WORK INSTRUCTION>
Find, in the records below, the line that contains "FTI-Vertriebsdirektor Richy Reindl" and the line that contains "Tommy Hilfiger Puffer". Copy those two lines and everything between them exactly, but not the pictures.

──────── RECORDS SHOWN ────────

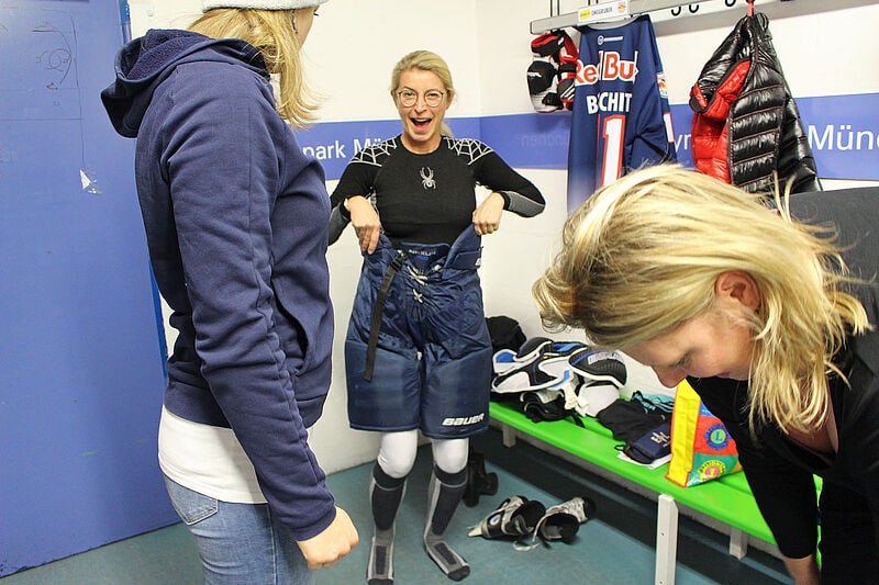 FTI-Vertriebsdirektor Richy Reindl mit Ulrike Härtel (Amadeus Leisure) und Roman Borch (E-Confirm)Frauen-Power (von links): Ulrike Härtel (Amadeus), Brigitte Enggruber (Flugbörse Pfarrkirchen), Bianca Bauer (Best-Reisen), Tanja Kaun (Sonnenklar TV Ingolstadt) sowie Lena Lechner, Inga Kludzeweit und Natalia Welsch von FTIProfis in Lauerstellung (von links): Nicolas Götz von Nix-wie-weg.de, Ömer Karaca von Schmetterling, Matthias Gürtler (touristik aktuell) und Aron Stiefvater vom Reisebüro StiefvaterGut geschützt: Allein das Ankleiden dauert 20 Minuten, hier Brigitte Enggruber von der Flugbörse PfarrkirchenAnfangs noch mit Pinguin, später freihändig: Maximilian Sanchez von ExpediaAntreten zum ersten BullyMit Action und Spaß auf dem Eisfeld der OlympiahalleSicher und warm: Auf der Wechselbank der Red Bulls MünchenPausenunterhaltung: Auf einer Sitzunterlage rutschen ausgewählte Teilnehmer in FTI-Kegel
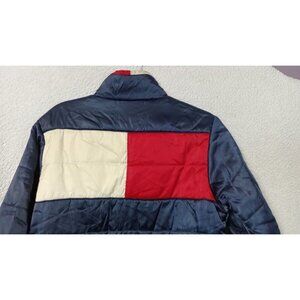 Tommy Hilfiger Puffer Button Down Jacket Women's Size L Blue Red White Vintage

────────
──────── RECORDS SHOWN ────────

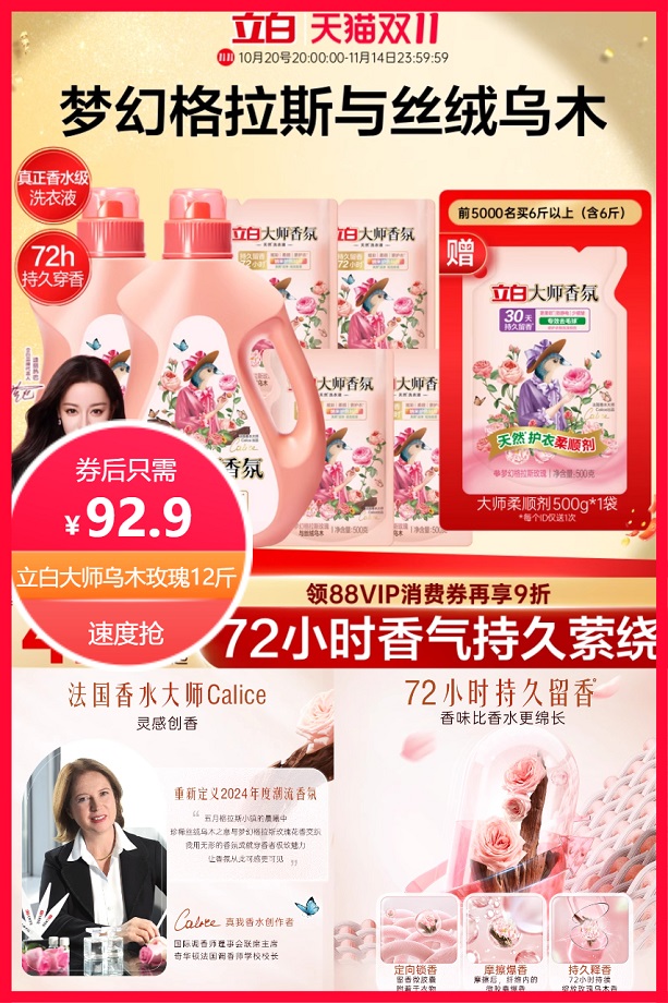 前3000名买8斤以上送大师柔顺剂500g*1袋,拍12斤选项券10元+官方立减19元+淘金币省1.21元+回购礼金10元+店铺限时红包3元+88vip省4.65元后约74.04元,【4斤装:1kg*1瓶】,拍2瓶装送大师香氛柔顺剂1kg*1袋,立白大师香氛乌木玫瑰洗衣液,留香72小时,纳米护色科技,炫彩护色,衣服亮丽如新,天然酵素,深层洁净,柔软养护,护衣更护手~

────────
──────── RECORDS SHOWN ────────

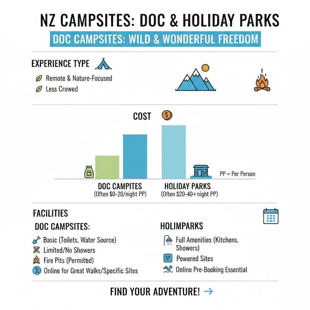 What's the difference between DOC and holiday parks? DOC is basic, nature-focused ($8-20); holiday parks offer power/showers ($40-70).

────────

TASK ANSWER>
 FTI-Vertriebsdirektor Richy Reindl mit Ulrike Härtel (Amadeus Leisure) und Roman Borch (E-Confirm)Frauen-Power (von links): Ulrike Härtel (Amadeus), Brigitte Enggruber (Flugbörse Pfarrkirchen), Bianca Bauer (Best-Reisen), Tanja Kaun (Sonnenklar TV Ingolstadt) sowie Lena Lechner, Inga Kludzeweit und Natalia Welsch von FTIProfis in Lauerstellung (von links): Nicolas Götz von Nix-wie-weg.de, Ömer Karaca von Schmetterling, Matthias Gürtler (touristik aktuell) und Aron Stiefvater vom Reisebüro StiefvaterGut geschützt: Allein das Ankleiden dauert 20 Minuten, hier Brigitte Enggruber von der Flugbörse PfarrkirchenAnfangs noch mit Pinguin, später freihändig: Maximilian Sanchez von ExpediaAntreten zum ersten BullyMit Action und Spaß auf dem Eisfeld der OlympiahalleSicher und warm: Auf der Wechselbank der Red Bulls MünchenPausenunterhaltung: Auf einer Sitzunterlage rutschen ausgewählte Teilnehmer in FTI-Kegel
 Tommy Hilfiger Puffer Button Down Jacket Women's Size L Blue Red White Vintage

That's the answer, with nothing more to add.